Кроме этого происшествия, никаких других не случилось на острове за всю ночь, и не только сам Будулай, ни разу не разбуженный лаем, проспал в блиндаже на лежанке почти до утра, но и Дозор, всю ночь не шелохнувшись, пролежал на своем месте у входа в блиндаж, положив на вытянутые лапы волчью морду. И лишь когда уже рассвело, Будулай, надевая перед ежеутренним обходом острова ружье на плечо, заметил на дощатом столике в блиндаже вырванный из ученической тетради листок. Но совсем не детским, а твердым, мужским, с большими разрывами между словами, почерком на нем размашисто было выведено химическим карандашом:

«Ты что же, так теперь и надеешься распоряжаться на нашем острове, как полицай? Откуда ты взялся? После войны люди хотят строиться, а ты не даешь. Ты бы хоть посчитал, сколько по нашему хутору еще разбитых куреней. Или у своей Клавдии спросил. Небось ей ты как конь, через Дон на санях дрова возишь. Значит тебе можно, а другим нет? Расплачиваешься за ее пироги и все остальное, да? Мало тебе своих цыганок — с бедной вдовы последнее тянуть. Ты должен понять что совсем чужой тут, чужой. Чем скорее уберешься тебе же и лучше будет. Иначе не будет тебе жизни. А мы как всегда, брали с острова все, что нам нужно, так и будем брать. И дрова, и кругляк, и сено».

Будулай перевернул на другую сторону этот вырванный из ученической тетрадки листок и, усмехнувшись подумал, что, должно быть, тот, кто все это написал химическим карандашом, услышав лай Дозора, заспешил и не успел поставить под своими словами подпись.

Часть восьмая

Если в начале марта Будулаю еще удавалось перебредать на остров по истаявшему тонкому льду, выщупывая его впереди себя палкой, то после того как ему однажды пришлось выуживать из полыньи Дозора, следовало уже подумать о других способах переправы. Может быть, Будулай и попытался еще переправляться через рукав Дона с помощью той же гати из хвороста или камыша, как это не раз приходилось ему делать в разведке на фронте, если бы не Клавдия. Увидев заиндевевшего с головы до ног Дозора, она сразу догадалась:

— Провалился?

— Немного, — ответил Будулай.

— А если бы?.. — она не договорила. — Кто бы вас за ошейник тянул?

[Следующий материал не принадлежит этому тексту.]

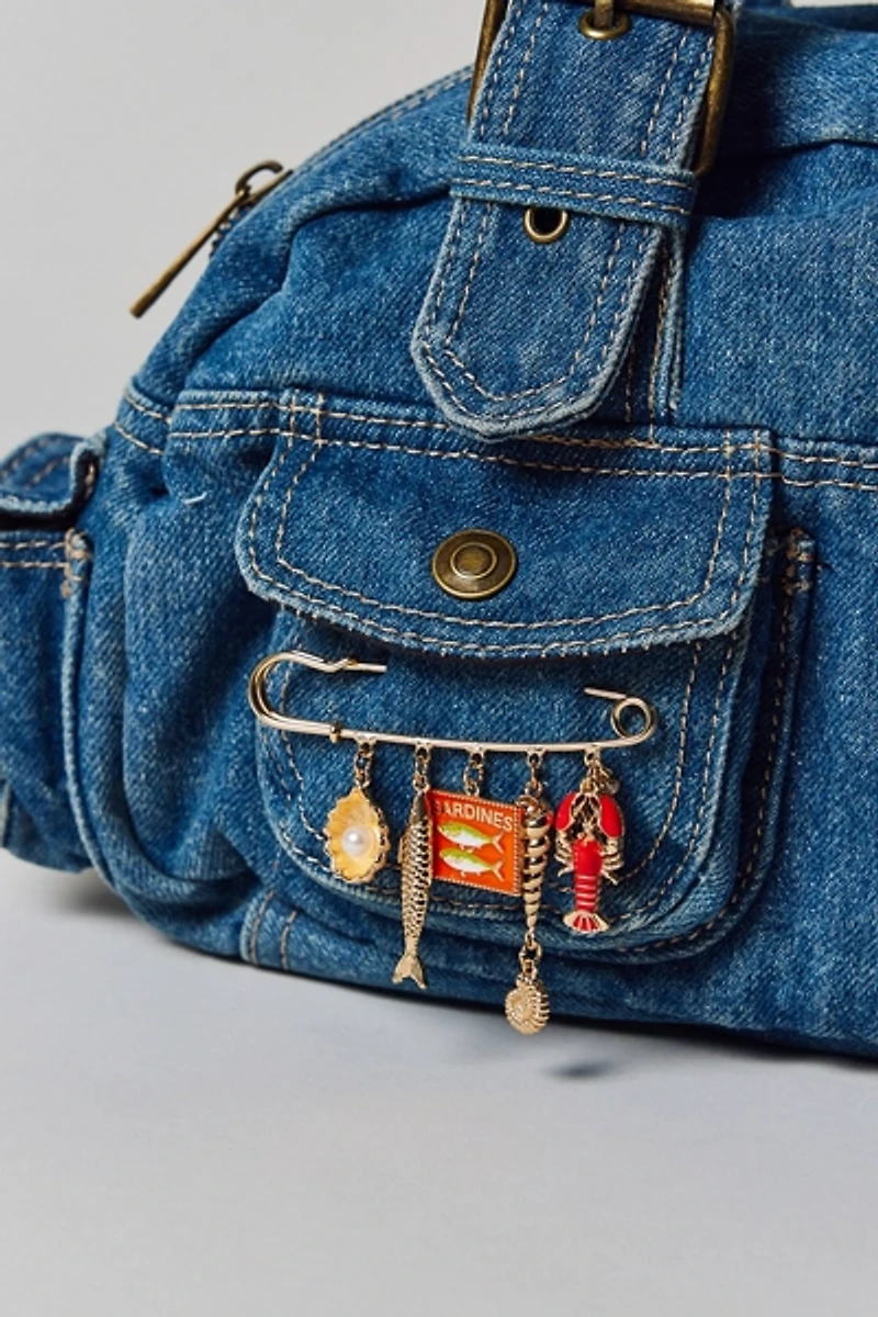 Add this oversized safety pin brooch to your look for an instant maximalist touch. Polished metal silhouette with a row of dangling charms. So versatile - pin it to your fave UO bag, BDG jeans and more!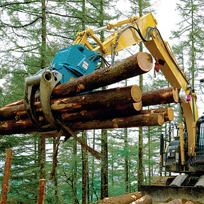 通常バケットはもちろん、法面・フォークグラップルなど、シーンに応じたバケットに対応。土木・原石山・鉄鋼業・林業など幅広い現場でお使いいただけます。

Будулай невольно повертел под ее взглядом головой.

— Я, Клавдия Петровна, умею плавать.

— И подо льдом? — жестко поинтересовалась она.

— Там, где бьют ключи, уже на лодке можно.

Не сказав больше ни слова, она тщательно вычесала Дозору старым гребнем из шерсти все сосульки и уложила его у горячей печки на дерюжке. Уже из своей комнаты слыша, как она собирается на работу, Будулай пристыженно думал, что все основания разговаривать с ним в таком тоне у нее были. Не успей он в самый последний момент, и Дозор нырнул бы под лед. И после ухода Клавдии, прежде чем уснуть, Будулай еще долго ворочался на своей кровати с боку на бок. Но перед вечером, уже собираясь на остров, он обрадованно заметил, что вернулась Клавдия с работы совсем другая. Сидя против него за столом, и разговаривала с ним, и взглядывала на него как обычно. После ужина, собрав Дозору с тарелок остатки еды, она даже потрепала его за ухо.

— Будешь знать, когда открывать купальный сезон.

Но провожать Будулая на крыльцо она не вышла. Из этого ом заключил, что все-таки продолжала сердиться на него.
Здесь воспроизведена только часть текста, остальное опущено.